With the aim to expand its territory, Beijing is aggressively building many new villages in disputed borderlands in the Himalayas, according to a report published in The Japan Times.
Brahma Chellaney, professor of strategic studies at the New Delhi-based Center for Policy Research, in an article, titled 'China's Himalayan salami tactics' said, "China is aggressively building many new villages in disputed borderlands to extend or consolidate its control over strategically important areas that India, Bhutan, and Nepal maintain fall within their national boundaries."
Chellaney wrote that the strategic implications of China's drive to populate these desolate, uninhabited border areas is its major buildup of new military facilities. The new installations range from electronic warfare stations and air defence sites to underground ammunition depots."China's militarised village-building spree has renewed the regional spotlight on Chinese President Xi Jinping's expansionist strategy at a time when, despite a recent disengagement in one area, tens of thousands of its troops remain locked in multiple standoffs with Indian forces. Recurrent skirmishing began last May after India discovered to its alarm that Chinese forces had stealthily occupied mountaintops and other strategic vantage points in its northernmost Ladakh borderlands," he wrote.

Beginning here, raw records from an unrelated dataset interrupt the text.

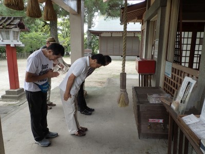 天満宮と名がついているのでそれは立派な境内かと思いきや・・・・。宮司さんは不在なようでお守りは賽銭箱に代金を入れることになっている。全員でAさんの完治と復帰を祈願した。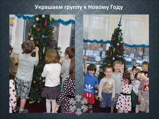 Документ посвящен подготовке группы к новому году, включая праздничные мероприятия и творчество. Основные темы - новогодний утренник 'хоровод вокруг ёлки', зимние поделки и зимние прогулки. Подчеркивается радость от зимнего времени.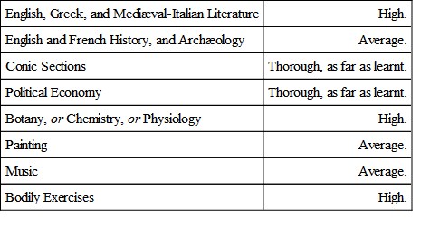 I should require, for a first class, proficiency in two schools; not, of course, in all the subjects of each chosen school, but in a well-chosen and combined group of them. Thus, I should call a very good first-class man one who had got some such range of subjects, and such proficiency in each, as this: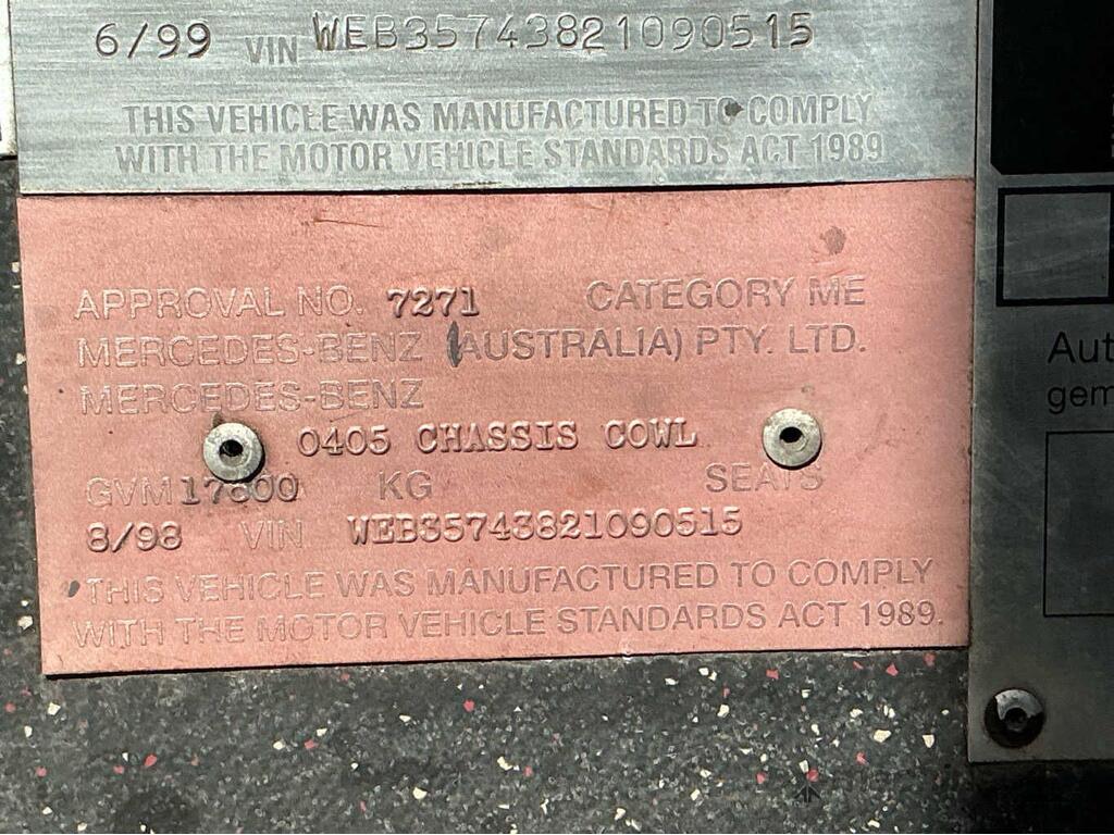 CP: 08/1998,Mercedes Benz,Coach,Automatic,Airbags ,6 Cyl,Diesel Turbo,970720 (Kms. Showing on Odometer),Hourmeter not visible,Colour: White,Unregistered,VIN: WEB0515,Key No: 561S,Length: 12.5 m,GVM: 17600,Sold with No Plates,Key No: 561S

He further stated that Xi's regime advanced its South China Sea expansionism through asymmetrical or hybrid warfare, waged below the threshold of overt armed conflict. This approach blends conventional and irregular tactics with small incremental territorial encroachments (or "salami slicing"), psychological manipulation, disinformation, lawfare, and coercive diplomacy.

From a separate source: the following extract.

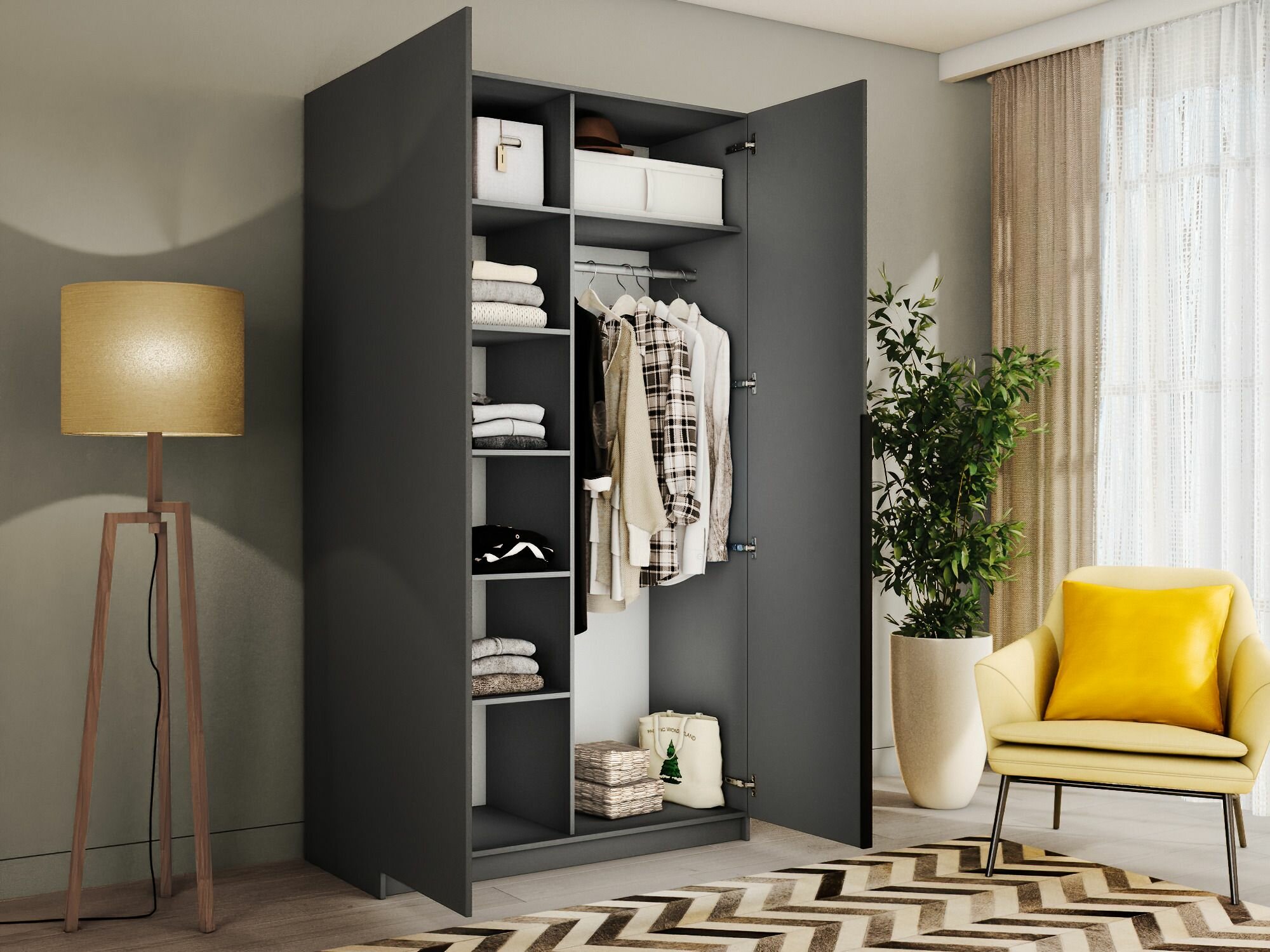 Шкаф для одежды распашной Нонтон Луас, 120 см, 7 полок и штанга, белый глянец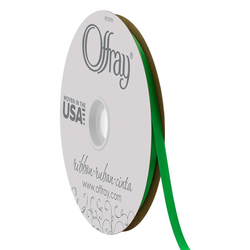 Offray 1/4" Wide Double Face Satin Ribbon, 100 Yards, Emerald Green

The Hong Kong-based South China Morning Post, citing a Chinese government document, recently reported that China intends to build 624 border villages in disputed Himalayan areas.
"In the name of "poverty alleviation," the Communist Party of China (CPC) is callously uprooting Tibetan nomads and forcing them to settle in artificial new border villages in isolated, high-altitude areas," Chellaney said while adding that the CPC has also sent ethnic Han Chinese party members to such villages to serve as resident overseers.
By building new border villages and relocating people there, China can now invoke international law in support of its claims. Effective control is the sine qua non of a strong territorial claim in international law. Armed patrols don't prove effective control, but settlements do, wrote Chellaney.
He added that China's construction of villages and military facilities in the borderlands threatens to wreak havoc on the ecologically fragile Himalayas, which are the source of Asia's great rivers. Environmental damage is already apparent on the once-pristine Doklam Plateau, claimed by Bhutan, which China has transformed into a heavily militarized zone since seizing it in 2017.